→ Instructions to follow
Give a faithful, exact copy of all entries, minus the images.
── Records supplied ──
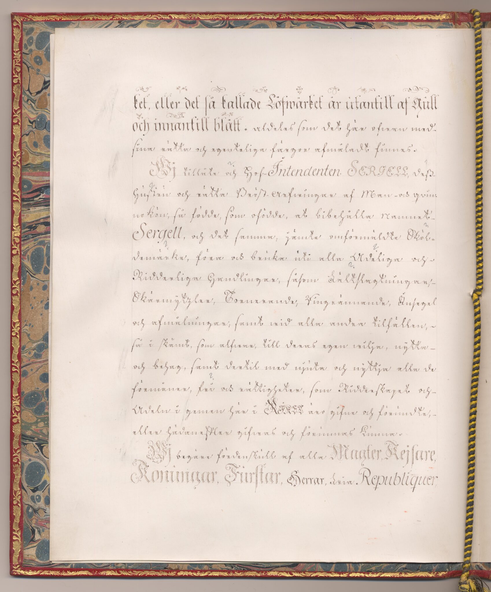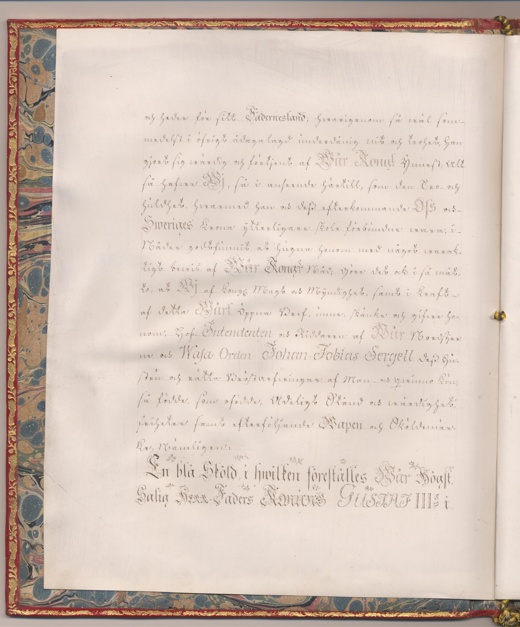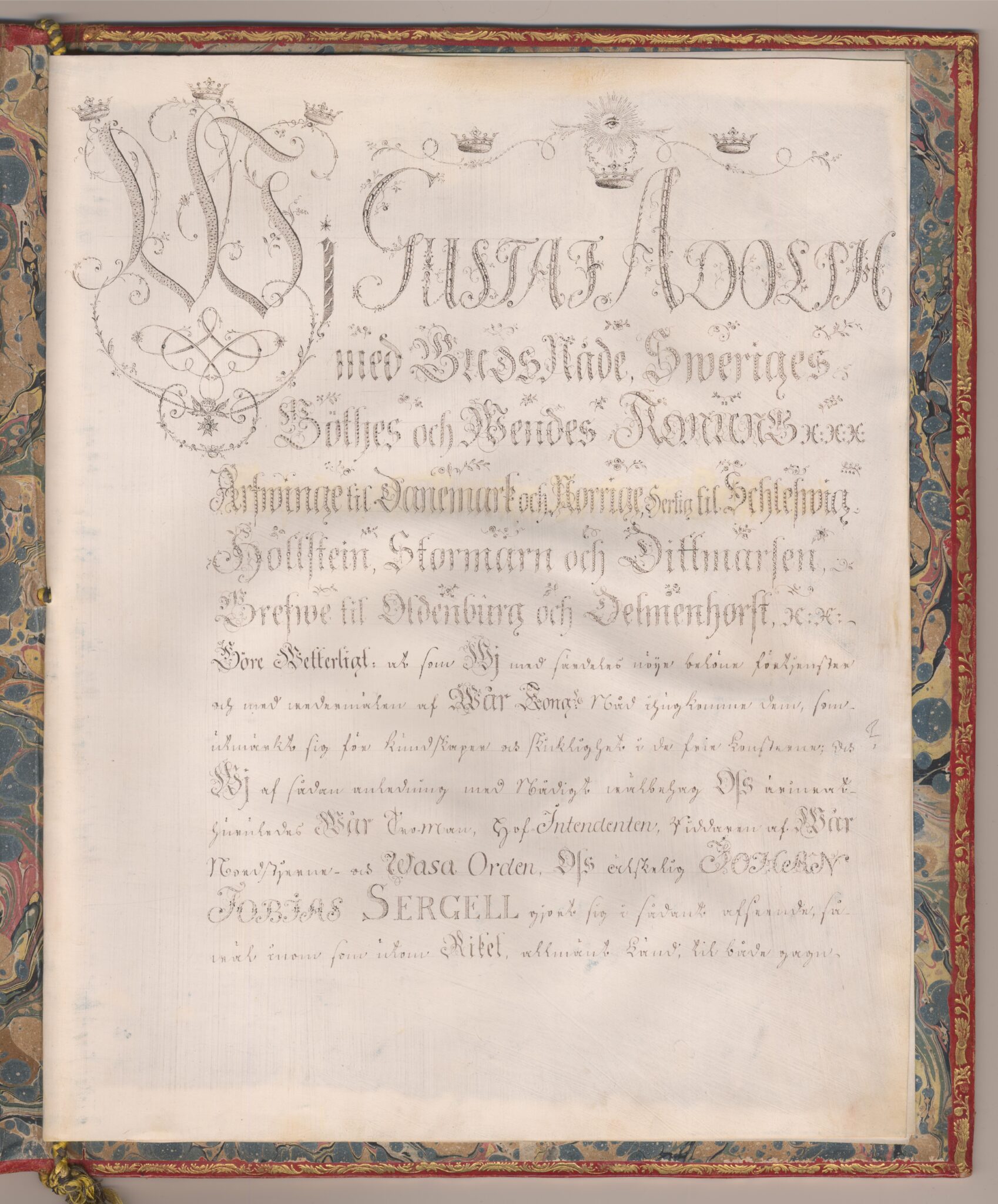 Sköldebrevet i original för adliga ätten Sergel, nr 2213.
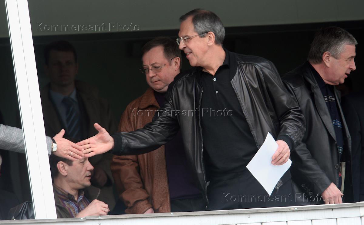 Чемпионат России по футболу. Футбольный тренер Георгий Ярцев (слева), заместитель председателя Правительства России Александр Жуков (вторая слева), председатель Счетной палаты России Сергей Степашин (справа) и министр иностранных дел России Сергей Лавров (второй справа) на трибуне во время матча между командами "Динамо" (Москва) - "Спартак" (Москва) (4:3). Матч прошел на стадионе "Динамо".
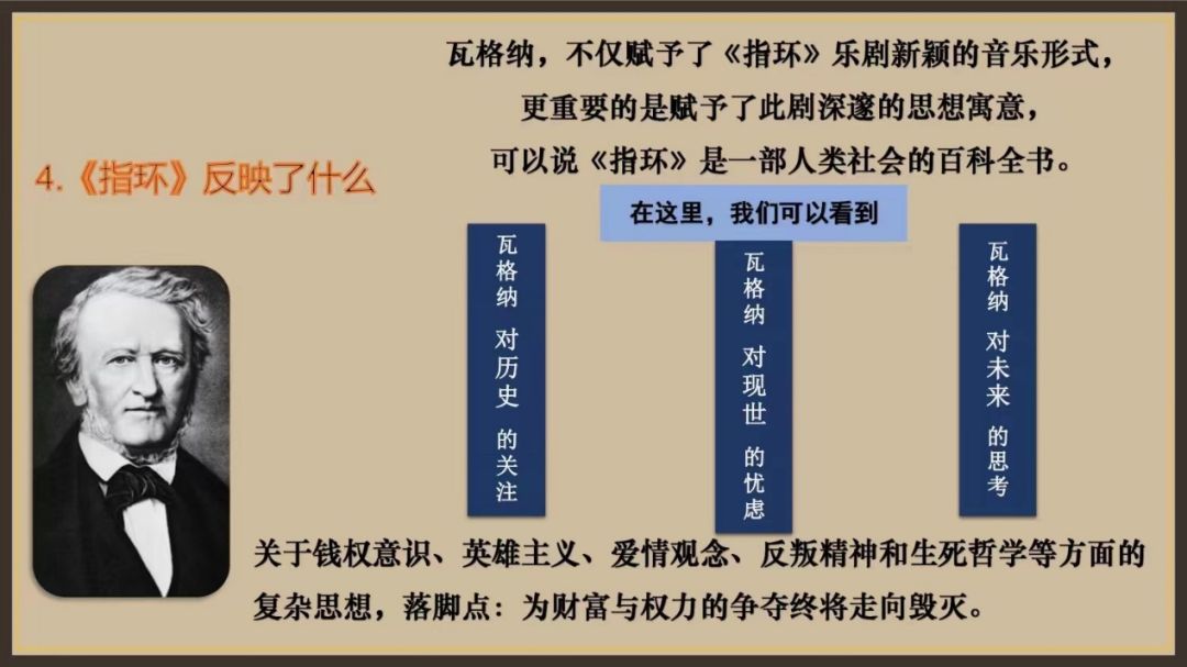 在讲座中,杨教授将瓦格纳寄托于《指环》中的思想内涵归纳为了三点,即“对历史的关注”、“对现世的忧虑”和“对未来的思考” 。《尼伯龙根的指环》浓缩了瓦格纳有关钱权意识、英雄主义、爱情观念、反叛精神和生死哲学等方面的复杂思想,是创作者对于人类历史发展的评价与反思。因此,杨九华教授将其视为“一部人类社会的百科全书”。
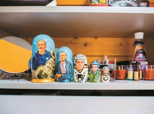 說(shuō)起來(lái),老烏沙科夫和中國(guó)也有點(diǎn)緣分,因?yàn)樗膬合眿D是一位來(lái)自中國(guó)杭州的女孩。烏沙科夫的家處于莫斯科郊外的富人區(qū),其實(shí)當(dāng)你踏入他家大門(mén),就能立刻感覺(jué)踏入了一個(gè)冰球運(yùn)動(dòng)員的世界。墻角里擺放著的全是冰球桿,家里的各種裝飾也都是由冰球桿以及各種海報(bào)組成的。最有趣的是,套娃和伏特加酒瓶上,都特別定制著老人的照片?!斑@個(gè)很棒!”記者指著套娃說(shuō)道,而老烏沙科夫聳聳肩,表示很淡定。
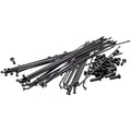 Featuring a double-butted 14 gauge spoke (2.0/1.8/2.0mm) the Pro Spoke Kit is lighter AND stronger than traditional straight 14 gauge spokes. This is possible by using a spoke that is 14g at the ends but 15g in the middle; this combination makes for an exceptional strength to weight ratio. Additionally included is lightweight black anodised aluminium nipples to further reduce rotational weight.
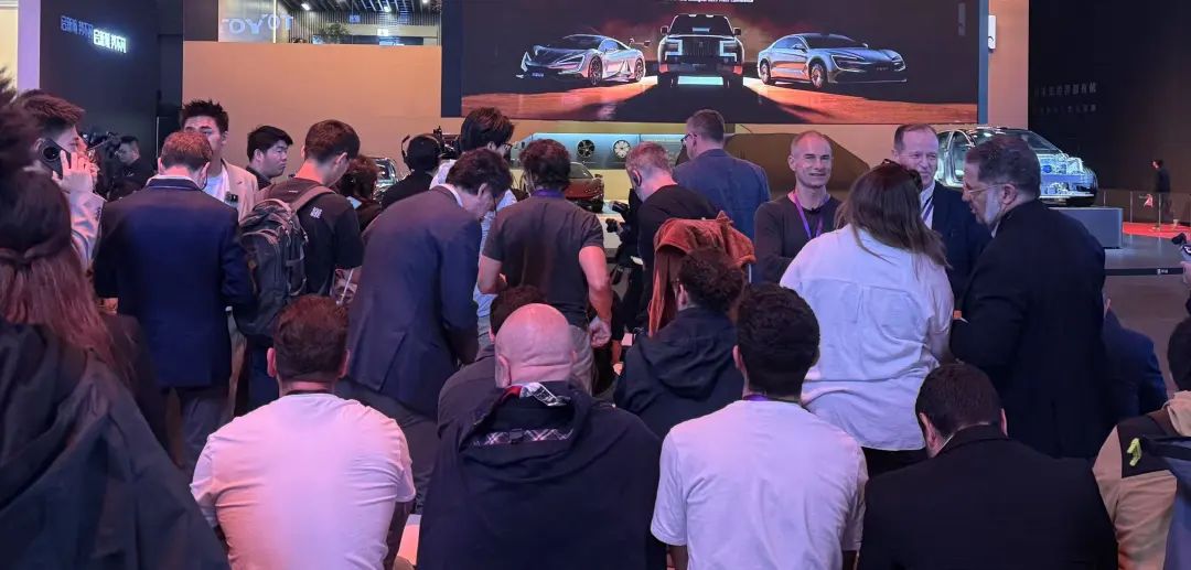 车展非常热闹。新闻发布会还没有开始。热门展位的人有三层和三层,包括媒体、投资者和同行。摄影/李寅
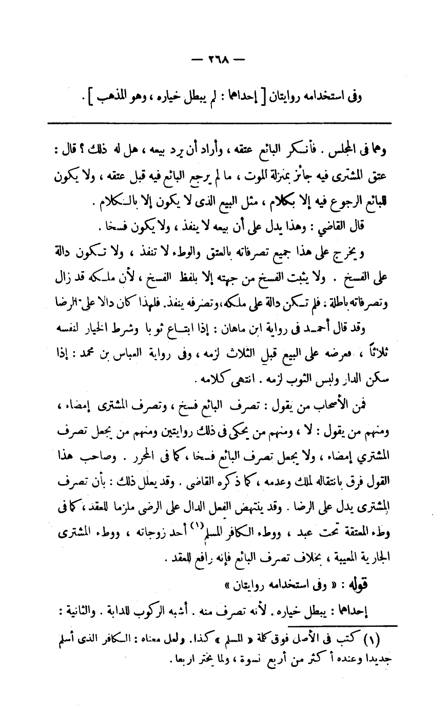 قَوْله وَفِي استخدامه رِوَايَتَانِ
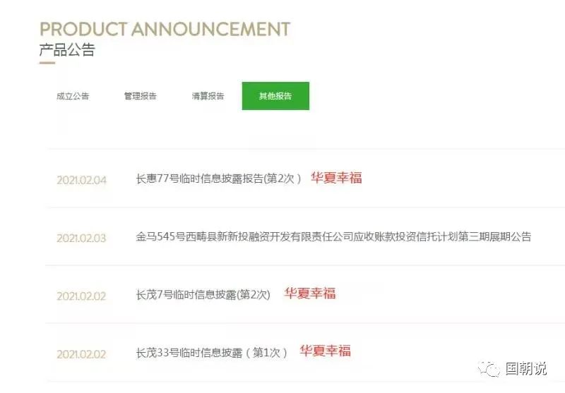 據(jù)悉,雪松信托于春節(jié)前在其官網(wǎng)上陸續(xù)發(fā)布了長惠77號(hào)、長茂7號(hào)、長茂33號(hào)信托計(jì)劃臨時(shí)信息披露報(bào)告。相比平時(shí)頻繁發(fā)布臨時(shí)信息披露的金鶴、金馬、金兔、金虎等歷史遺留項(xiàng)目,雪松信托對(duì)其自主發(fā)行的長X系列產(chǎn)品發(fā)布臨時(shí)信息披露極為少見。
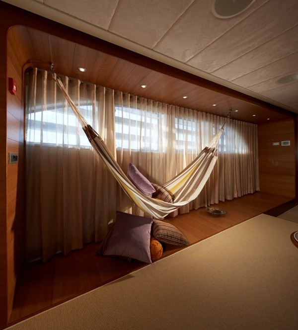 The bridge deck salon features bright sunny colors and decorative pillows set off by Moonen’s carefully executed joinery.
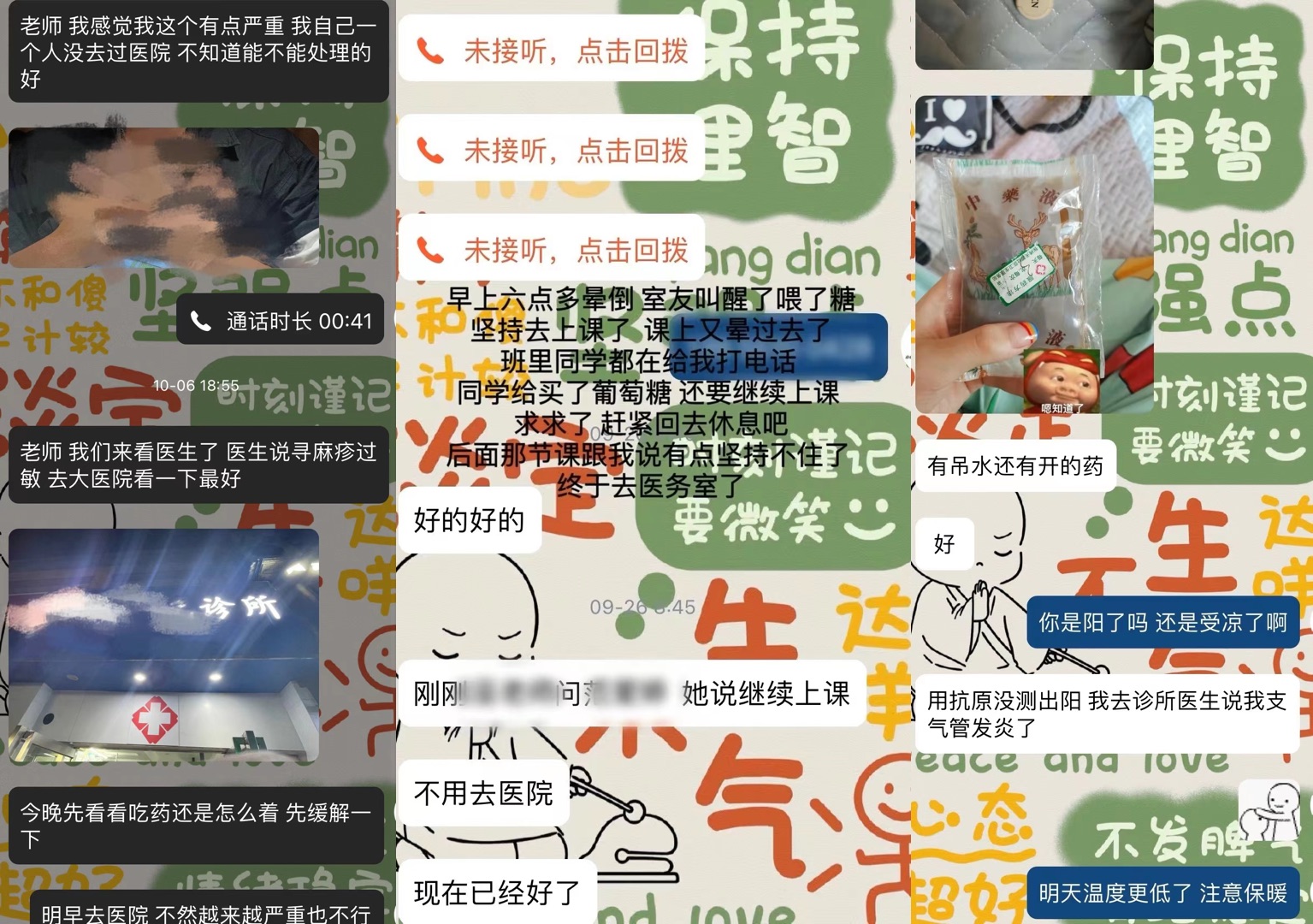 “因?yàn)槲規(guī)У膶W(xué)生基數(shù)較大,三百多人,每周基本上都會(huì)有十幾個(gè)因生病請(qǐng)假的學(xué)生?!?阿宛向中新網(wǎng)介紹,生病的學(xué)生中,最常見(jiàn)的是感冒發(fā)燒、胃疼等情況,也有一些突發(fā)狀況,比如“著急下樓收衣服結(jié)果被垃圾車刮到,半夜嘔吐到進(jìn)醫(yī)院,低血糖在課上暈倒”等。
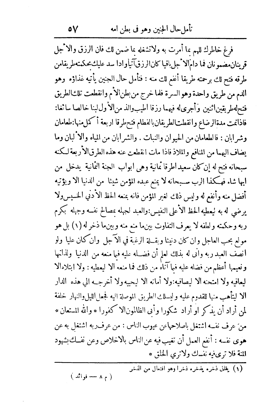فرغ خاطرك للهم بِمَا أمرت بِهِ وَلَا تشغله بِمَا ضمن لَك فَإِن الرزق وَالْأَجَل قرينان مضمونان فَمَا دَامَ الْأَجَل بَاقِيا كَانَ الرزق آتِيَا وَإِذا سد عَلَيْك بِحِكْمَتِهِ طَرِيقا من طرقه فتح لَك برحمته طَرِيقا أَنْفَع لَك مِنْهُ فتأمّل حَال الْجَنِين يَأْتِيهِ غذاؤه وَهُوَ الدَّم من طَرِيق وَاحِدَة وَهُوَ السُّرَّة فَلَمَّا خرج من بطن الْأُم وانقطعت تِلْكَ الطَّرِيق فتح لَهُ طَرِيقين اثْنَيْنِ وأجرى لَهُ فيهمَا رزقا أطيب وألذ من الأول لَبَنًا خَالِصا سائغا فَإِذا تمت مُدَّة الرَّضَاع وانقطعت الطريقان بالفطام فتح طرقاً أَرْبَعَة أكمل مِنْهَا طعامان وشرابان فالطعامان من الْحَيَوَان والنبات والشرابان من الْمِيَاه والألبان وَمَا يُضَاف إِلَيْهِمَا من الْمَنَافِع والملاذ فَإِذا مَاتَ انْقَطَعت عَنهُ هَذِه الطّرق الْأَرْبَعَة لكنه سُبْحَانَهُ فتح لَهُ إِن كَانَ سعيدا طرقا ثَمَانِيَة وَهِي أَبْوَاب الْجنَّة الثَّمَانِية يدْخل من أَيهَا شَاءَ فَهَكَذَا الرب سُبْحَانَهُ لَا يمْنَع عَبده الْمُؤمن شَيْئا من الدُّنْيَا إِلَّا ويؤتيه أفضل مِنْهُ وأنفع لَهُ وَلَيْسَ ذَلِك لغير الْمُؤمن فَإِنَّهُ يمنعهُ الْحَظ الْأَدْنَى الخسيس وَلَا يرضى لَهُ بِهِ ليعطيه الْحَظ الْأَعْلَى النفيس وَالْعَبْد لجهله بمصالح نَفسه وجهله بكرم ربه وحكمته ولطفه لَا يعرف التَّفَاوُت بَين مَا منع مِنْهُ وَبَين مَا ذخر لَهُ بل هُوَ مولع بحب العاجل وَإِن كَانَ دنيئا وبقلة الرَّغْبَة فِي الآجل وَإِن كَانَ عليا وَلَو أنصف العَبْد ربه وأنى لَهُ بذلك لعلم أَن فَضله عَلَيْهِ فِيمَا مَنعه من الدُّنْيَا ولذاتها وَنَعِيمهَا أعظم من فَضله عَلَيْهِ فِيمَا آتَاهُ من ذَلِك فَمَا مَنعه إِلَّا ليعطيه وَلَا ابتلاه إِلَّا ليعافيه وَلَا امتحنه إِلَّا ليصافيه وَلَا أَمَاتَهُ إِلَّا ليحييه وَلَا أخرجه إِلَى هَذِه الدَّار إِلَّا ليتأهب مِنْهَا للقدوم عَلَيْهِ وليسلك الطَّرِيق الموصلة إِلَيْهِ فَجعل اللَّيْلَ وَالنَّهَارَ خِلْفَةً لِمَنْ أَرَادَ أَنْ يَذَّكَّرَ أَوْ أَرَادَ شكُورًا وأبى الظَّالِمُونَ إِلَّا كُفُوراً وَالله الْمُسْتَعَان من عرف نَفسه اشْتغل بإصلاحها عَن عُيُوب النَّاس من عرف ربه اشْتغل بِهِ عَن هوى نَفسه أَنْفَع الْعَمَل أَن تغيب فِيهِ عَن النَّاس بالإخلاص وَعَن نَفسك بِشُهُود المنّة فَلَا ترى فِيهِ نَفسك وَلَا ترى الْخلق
───
→ Solution to this problem
 Sköldebrevet i original för adliga ätten Sergel, nr 2213.
 Чемпионат России по футболу. Футбольный тренер Георгий Ярцев (слева), заместитель председателя Правительства России Александр Жуков (вторая слева), председатель Счетной палаты России Сергей Степашин (справа) и министр иностранных дел России Сергей Лавров (второй справа) на трибуне во время матча между командами "Динамо" (Москва) - "Спартак" (Москва) (4:3). Матч прошел на стадионе "Динамо".
 在讲座中,杨教授将瓦格纳寄托于《指环》中的思想内涵归纳为了三点,即“对历史的关注”、“对现世的忧虑”和“对未来的思考” 。《尼伯龙根的指环》浓缩了瓦格纳有关钱权意识、英雄主义、爱情观念、反叛精神和生死哲学等方面的复杂思想,是创作者对于人类历史发展的评价与反思。因此,杨九华教授将其视为“一部人类社会的百科全书”。
 說(shuō)起來(lái),老烏沙科夫和中國(guó)也有點(diǎn)緣分,因?yàn)樗膬合眿D是一位來(lái)自中國(guó)杭州的女孩。烏沙科夫的家處于莫斯科郊外的富人區(qū),其實(shí)當(dāng)你踏入他家大門(mén),就能立刻感覺(jué)踏入了一個(gè)冰球運(yùn)動(dòng)員的世界。墻角里擺放著的全是冰球桿,家里的各種裝飾也都是由冰球桿以及各種海報(bào)組成的。最有趣的是,套娃和伏特加酒瓶上,都特別定制著老人的照片?!斑@個(gè)很棒!”記者指著套娃說(shuō)道,而老烏沙科夫聳聳肩,表示很淡定。
 Featuring a double-butted 14 gauge spoke (2.0/1.8/2.0mm) the Pro Spoke Kit is lighter AND stronger than traditional straight 14 gauge spokes. This is possible by using a spoke that is 14g at the ends but 15g in the middle; this combination makes for an exceptional strength to weight ratio. Additionally included is lightweight black anodised aluminium nipples to further reduce rotational weight.
 车展非常热闹。新闻发布会还没有开始。热门展位的人有三层和三层,包括媒体、投资者和同行。摄影/李寅
 قَوْله وَفِي استخدامه رِوَايَتَانِ
 據(jù)悉,雪松信托于春節(jié)前在其官網(wǎng)上陸續(xù)發(fā)布了長惠77號(hào)、長茂7號(hào)、長茂33號(hào)信托計(jì)劃臨時(shí)信息披露報(bào)告。相比平時(shí)頻繁發(fā)布臨時(shí)信息披露的金鶴、金馬、金兔、金虎等歷史遺留項(xiàng)目,雪松信托對(duì)其自主發(fā)行的長X系列產(chǎn)品發(fā)布臨時(shí)信息披露極為少見。
 The bridge deck salon features bright sunny colors and decorative pillows set off by Moonen’s carefully executed joinery.
 “因?yàn)槲規(guī)У膶W(xué)生基數(shù)較大,三百多人,每周基本上都會(huì)有十幾個(gè)因生病請(qǐng)假的學(xué)生?!?阿宛向中新網(wǎng)介紹,生病的學(xué)生中,最常見(jiàn)的是感冒發(fā)燒、胃疼等情況,也有一些突發(fā)狀況,比如“著急下樓收衣服結(jié)果被垃圾車刮到,半夜嘔吐到進(jìn)醫(yī)院,低血糖在課上暈倒”等。
فرغ خاطرك للهم بِمَا أمرت بِهِ وَلَا تشغله بِمَا ضمن لَك فَإِن الرزق وَالْأَجَل قرينان مضمونان فَمَا دَامَ الْأَجَل بَاقِيا كَانَ الرزق آتِيَا وَإِذا سد عَلَيْك بِحِكْمَتِهِ طَرِيقا من طرقه فتح لَك برحمته طَرِيقا أَنْفَع لَك مِنْهُ فتأمّل حَال الْجَنِين يَأْتِيهِ غذاؤه وَهُوَ الدَّم من طَرِيق وَاحِدَة وَهُوَ السُّرَّة فَلَمَّا خرج من بطن الْأُم وانقطعت تِلْكَ الطَّرِيق فتح لَهُ طَرِيقين اثْنَيْنِ وأجرى لَهُ فيهمَا رزقا أطيب وألذ من الأول لَبَنًا خَالِصا سائغا فَإِذا تمت مُدَّة الرَّضَاع وانقطعت الطريقان بالفطام فتح طرقاً أَرْبَعَة أكمل مِنْهَا طعامان وشرابان فالطعامان من الْحَيَوَان والنبات والشرابان من الْمِيَاه والألبان وَمَا يُضَاف إِلَيْهِمَا من الْمَنَافِع والملاذ فَإِذا مَاتَ انْقَطَعت عَنهُ هَذِه الطّرق الْأَرْبَعَة لكنه سُبْحَانَهُ فتح لَهُ إِن كَانَ سعيدا طرقا ثَمَانِيَة وَهِي أَبْوَاب الْجنَّة الثَّمَانِية يدْخل من أَيهَا شَاءَ فَهَكَذَا الرب سُبْحَانَهُ لَا يمْنَع عَبده الْمُؤمن شَيْئا من الدُّنْيَا إِلَّا ويؤتيه أفضل مِنْهُ وأنفع لَهُ وَلَيْسَ ذَلِك لغير الْمُؤمن فَإِنَّهُ يمنعهُ الْحَظ الْأَدْنَى الخسيس وَلَا يرضى لَهُ بِهِ ليعطيه الْحَظ الْأَعْلَى النفيس وَالْعَبْد لجهله بمصالح نَفسه وجهله بكرم ربه وحكمته ولطفه لَا يعرف التَّفَاوُت بَين مَا منع مِنْهُ وَبَين مَا ذخر لَهُ بل هُوَ مولع بحب العاجل وَإِن كَانَ دنيئا وبقلة الرَّغْبَة فِي الآجل وَإِن كَانَ عليا وَلَو أنصف العَبْد ربه وأنى لَهُ بذلك لعلم أَن فَضله عَلَيْهِ فِيمَا مَنعه من الدُّنْيَا ولذاتها وَنَعِيمهَا أعظم من فَضله عَلَيْهِ فِيمَا آتَاهُ من ذَلِك فَمَا مَنعه إِلَّا ليعطيه وَلَا ابتلاه إِلَّا ليعافيه وَلَا امتحنه إِلَّا ليصافيه وَلَا أَمَاتَهُ إِلَّا ليحييه وَلَا أخرجه إِلَى هَذِه الدَّار إِلَّا ليتأهب مِنْهَا للقدوم عَلَيْهِ وليسلك الطَّرِيق الموصلة إِلَيْهِ فَجعل اللَّيْلَ وَالنَّهَارَ خِلْفَةً لِمَنْ أَرَادَ أَنْ يَذَّكَّرَ أَوْ أَرَادَ شكُورًا وأبى الظَّالِمُونَ إِلَّا كُفُوراً وَالله الْمُسْتَعَان من عرف نَفسه اشْتغل بإصلاحها عَن عُيُوب النَّاس من عرف ربه اشْتغل بِهِ عَن هوى نَفسه أَنْفَع الْعَمَل أَن تغيب فِيهِ عَن النَّاس بالإخلاص وَعَن نَفسك بِشُهُود المنّة فَلَا ترى فِيهِ نَفسك وَلَا ترى الْخلق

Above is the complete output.